Fibsy interrupted his story.

“Go back,” he directed, “to the beginning. Let me hear it all. It’s O. K., F. S.”

“I was attending to my dining-room duties,” Nogi said, “and I had taken the water tray to the study. I was weary and hoped the master would soon retire. So, I occasionally peeped through the small window from the dining-room. I saw a lady come and make a visit, and then I saw her and I heard her go away. Then I hoped the master would go to bed. But, no—he was very busy. He wrote letters, he burned some papers, he moved about much. He was restless, disturbed. Then he sat at his desk and read his book.”

“This one?” cried Fibsy, excitedly waving the Martial.

“I think so—one like that, anyway.”

“This was the one! Go on.”

“Then—oh, it was strange! Then the master got up, went to the small window at the back of the room—”

“Which one?”

“The one by the big globe, and he opened it. But for a moment—”

“Did he put his hand out?” Fibsy cried.

“Yes, I suppose to see if it rained. Yes, he put his hand out for a moment, then he closed the window.”

“And locked it?” asked Fibsy.

“It locks itself, with a snap catch. Then—ah, here is the strange thing! Then he went back, sat at his desk, and in a moment he fell over and the blood spurted out.”

“Didn’t he stab himself?” Fibsy asked.

“I don’t know. He didn’t seem to do anything but scratch his ear, and over he fell! Such a sight! I was afraid, and I ran away—fast.”

“All very well,” said Stone, “but what became of the weapon?”

“I know,” Fibsy almost screamed, in his excitement. “Oh, F. Stone—I know!”

“Well, tell us, Terence—but steady, now, my boy. Don’t get too excited.”

“No, sir,” and the lad grew suddenly quiet. “But I know. Wait just a minute, sir. Where are the photographs of the house that the detectives took the day after?”

“I’ll get them,” Lockwood said, and left the room.

He returned, and Fibsy found a magnifying glass and looked carefully at certain pictures.

“It proves,” he said, solemnly. “F. Stone, you have solved your greatest case!”
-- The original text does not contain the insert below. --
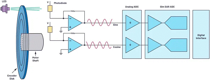 在低端應(yīng)用中,使用增量傳感器和比較器可能就能夠?qū)嵤┪恢脵z測,但在高端應(yīng)用中,則需要更加復(fù)雜的信號鏈。這些反饋系統(tǒng)包含位置傳感器,之后是模擬前端信號調(diào)理、ADC,以及ADC驅(qū)動器,數(shù)據(jù)先經(jīng)過它們,之后再進(jìn)入數(shù)字域。其中最精確的位置傳感器就是光學(xué)編碼器。光學(xué)編碼器由LED光源、連接到電機(jī)軸的標(biāo)記圓盤和光電探測器組成。圓盤包含不透明和透明的掩碼區(qū)域,可以阻隔光線或讓光線通過。光電探測器檢測這些光線,開/關(guān)光信號則轉(zhuǎn)換為電子信號。隨著圓盤轉(zhuǎn)動,光電探測器(與圓盤的模式配合)生成小的正弦和余弦信號(mV或µV等級)。這種系統(tǒng)是絕對位置光學(xué)編碼器采用的典型系統(tǒng)。這些信號進(jìn)入模擬信號調(diào)理電路(一般由分立式放大器或模擬PGA組成,用于獲取高達(dá)1 V峰峰值范圍的信號),通常是為了讓ADC輸入電壓范圍匹配最大動態(tài)范圍。每個放大的正弦和余弦信號之后都被同步采樣ADC的驅(qū)動放大器捕捉。ADC的每個通道都必須支持同步采樣,以便同時獲取正弦和余弦數(shù)據(jù)點(diǎn),由這些數(shù)據(jù)點(diǎn)組合提供軸的位置信息。ADC轉(zhuǎn)換結(jié)果會發(fā)送給ASIC或微控制器。電機(jī)控制器在每個PWM周期中查詢編碼器位置,然后根據(jù)接收的指令使用該數(shù)據(jù)來驅(qū)動電機(jī)。過去,為了集成到有限的板空間中,系統(tǒng)設(shè)計人員必須犧牲ADC速度或通道數(shù)。
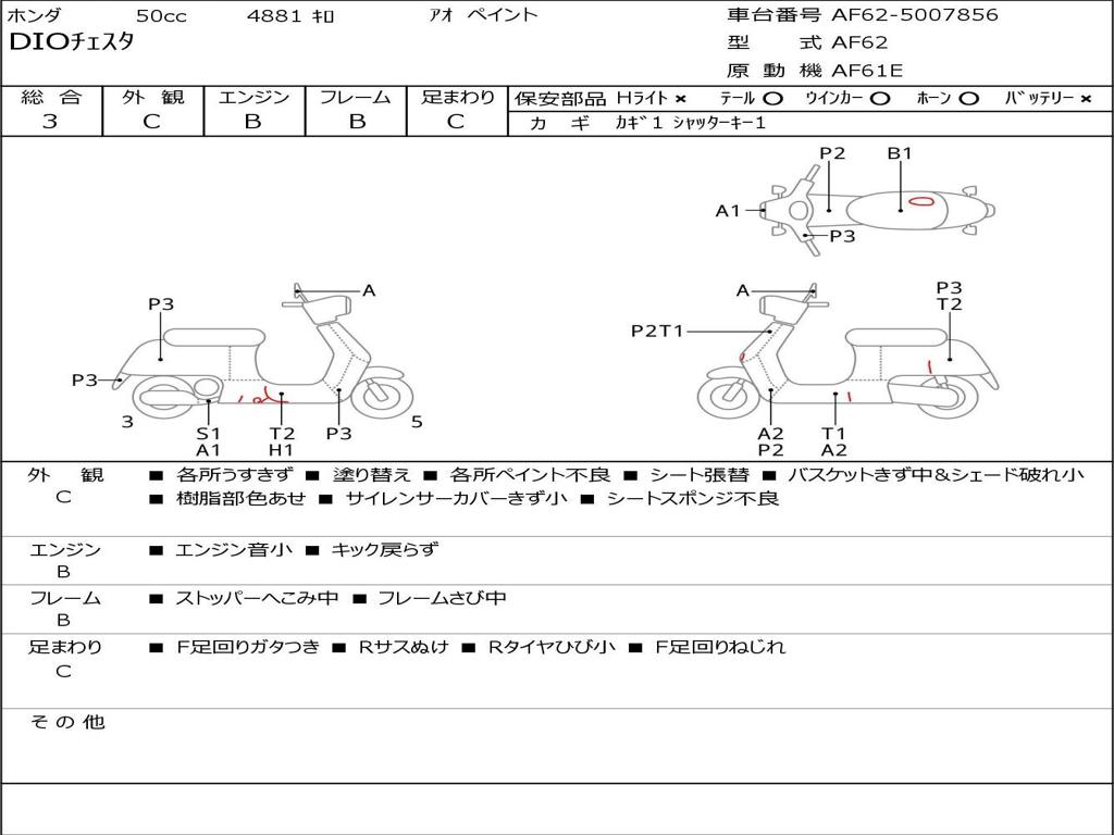 | Номер рамы / VIN | AF62-5007856 |

It was characteristic of the boy, that although the solution was his own, his deference to Stone was sincere and un-self-conscious.

“Please,” he said, “I don’t know Latin, but you will find the explanation of Doctor Waring’s death on that red stained page. He was reading Martial, as we know, and—” he pointed to the Epigram on the page in question, “as he read that, he found a way out.”

The grave statement was impressive, and Stone took the book.

“Shall I translate, or read the Latin aloud?” he asked the others.

“Wait a minute, I’ll get a Martial in English,” Lockwood said, out of consideration for Trask’s possible ignorance of the dead language.

“What number is the Epigram?” he asked, returning.

Stone told him, and Lockwood found the place, and passed the English version to Stone. Aloud, the detective read this:

TRANSLATION

Book IV, Epigram 18

On a youth killed by the fall of a piece of ice.

Just where the gate near the portico of Agrippa is always dripping with water, and the slippery pavement is wet with constant showers, a mass of water, congealed by winter’s cold, fell upon the neck of a youth who was entering the damp temple, and, when it had inflicted a cruel death on the unfortunate boy, the weapon melted in the warm wound it had made. What cruelties does not Fortune permit? Or where is not death to be found, if you, the waters, turn cut-throats.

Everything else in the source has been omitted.